Frase incómoda:
“Te ves más llenita”,
“Estás más flaca, ¿todo bien?”,
“¿Y esa pancita?”
🧠 Explicación:
No importa si el comentario viene con “buena intención” o en tono de broma: opinar sobre el cuerpo de otra persona, sin que lo haya pedido, es una forma de violencia normalizada. Duele, incomoda y puede detonar inseguridades. Nadie tiene derecho a comentar tu cuerpo como si fuera de dominio público. Tu cuerpo no está abierto a debate.
💬 Respuestas con altura:
🔹 “Estoy en paz con mi cuerpo. Deberías intentar lo mismo con el tuyo.”

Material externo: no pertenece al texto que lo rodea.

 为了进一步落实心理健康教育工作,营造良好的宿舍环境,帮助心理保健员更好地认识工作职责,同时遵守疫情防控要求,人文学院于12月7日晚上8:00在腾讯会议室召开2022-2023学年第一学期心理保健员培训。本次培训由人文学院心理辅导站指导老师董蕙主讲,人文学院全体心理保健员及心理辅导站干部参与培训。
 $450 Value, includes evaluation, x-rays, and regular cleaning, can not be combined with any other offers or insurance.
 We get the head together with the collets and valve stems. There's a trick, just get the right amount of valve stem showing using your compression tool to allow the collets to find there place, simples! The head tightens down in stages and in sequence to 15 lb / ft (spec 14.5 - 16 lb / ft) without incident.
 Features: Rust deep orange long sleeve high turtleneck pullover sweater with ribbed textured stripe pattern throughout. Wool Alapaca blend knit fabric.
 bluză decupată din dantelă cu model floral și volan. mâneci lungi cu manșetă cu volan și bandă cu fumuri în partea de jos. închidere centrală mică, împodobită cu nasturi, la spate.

🔹 “No recuerdo haberte pedido una evaluación física.”
🔹 “Mi cuerpo no necesita tu opinión para existir.”
🔹 “¿Sabes qué? Hoy elijo quererme, y eso me basta.”

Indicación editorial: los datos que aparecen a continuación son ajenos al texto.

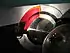 | Interior view of a single-chip DLP projector, showing the light path. Light from the lamp enters a reverse-fisheye, passes through the spinning color wheel, crosses underneath the main lens, reflects off a front-surfaced mirror, and is spread onto the DMD (red arrows). From there, light either enters the lens (yellow) or is reflected off the top cover down into a light-sink (blue arrows) to absorb unneeded light. Top row shows overall components, closeups of 4-segment RGBW color wheel, and light-sink diffuser/reflection plate on top cover. | |||
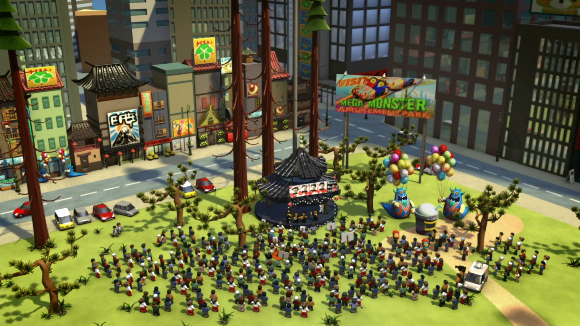 The Take Back Ninjago rally was held inside a park in the center of Ninjago City. The event was covered by NGTV and featured a performance by The Royal Blacksmiths. Rally attendees had gathered to raise awareness of and to take a stand against the Serpentine, with some carrying anti-snake signs, while chanting "We want snakes to slither away!" The rally however, would be disrupted by the sudden appearance of the Great Devourer, immediately causing all participants to disperse as they fled from the massive snake.
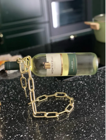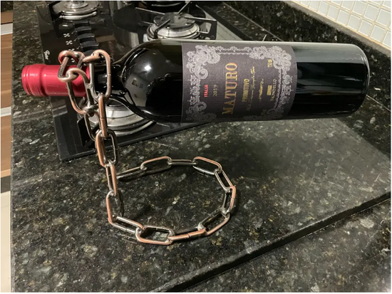 Estabilidad perfecta asegurada por eslabones metálicos soldados entre sí para un soporte seguro de la botella.
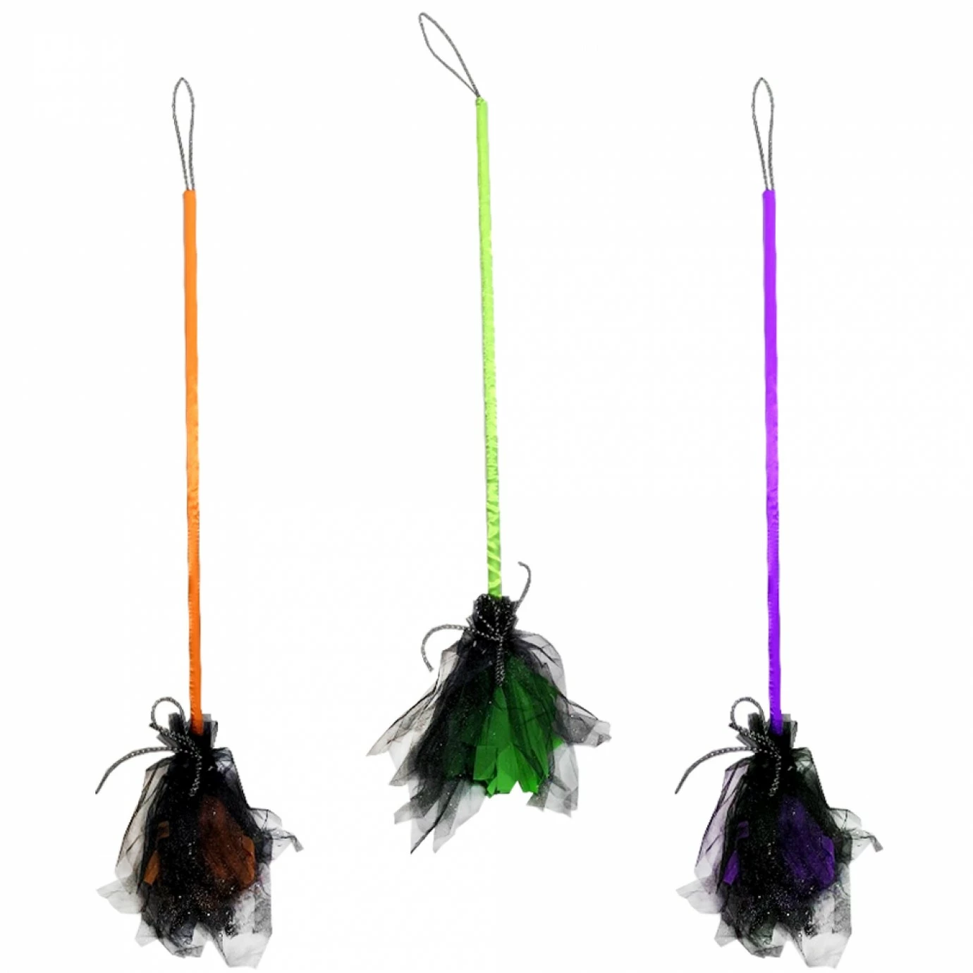 Broom handle is made with a moulded plastic handle, with attached tulle at the base, plus attached fabric bow.

🔹 “Lo que opinas de mí habla más de ti que de mí.”
💭 Reflexión final:
El cuerpo no es un tema de conversación casual. Es hogar, historia, resistencia. Y nadie, absolutamente nadie, tiene derecho a hacerlo tema sin tu permiso. Cada vez que contestas con altura, estás reescribiendo una cultura que necesita aprender a callar cuando no se le ha dado la palabra. Que tu respuesta sea un límite firme, no una excusa.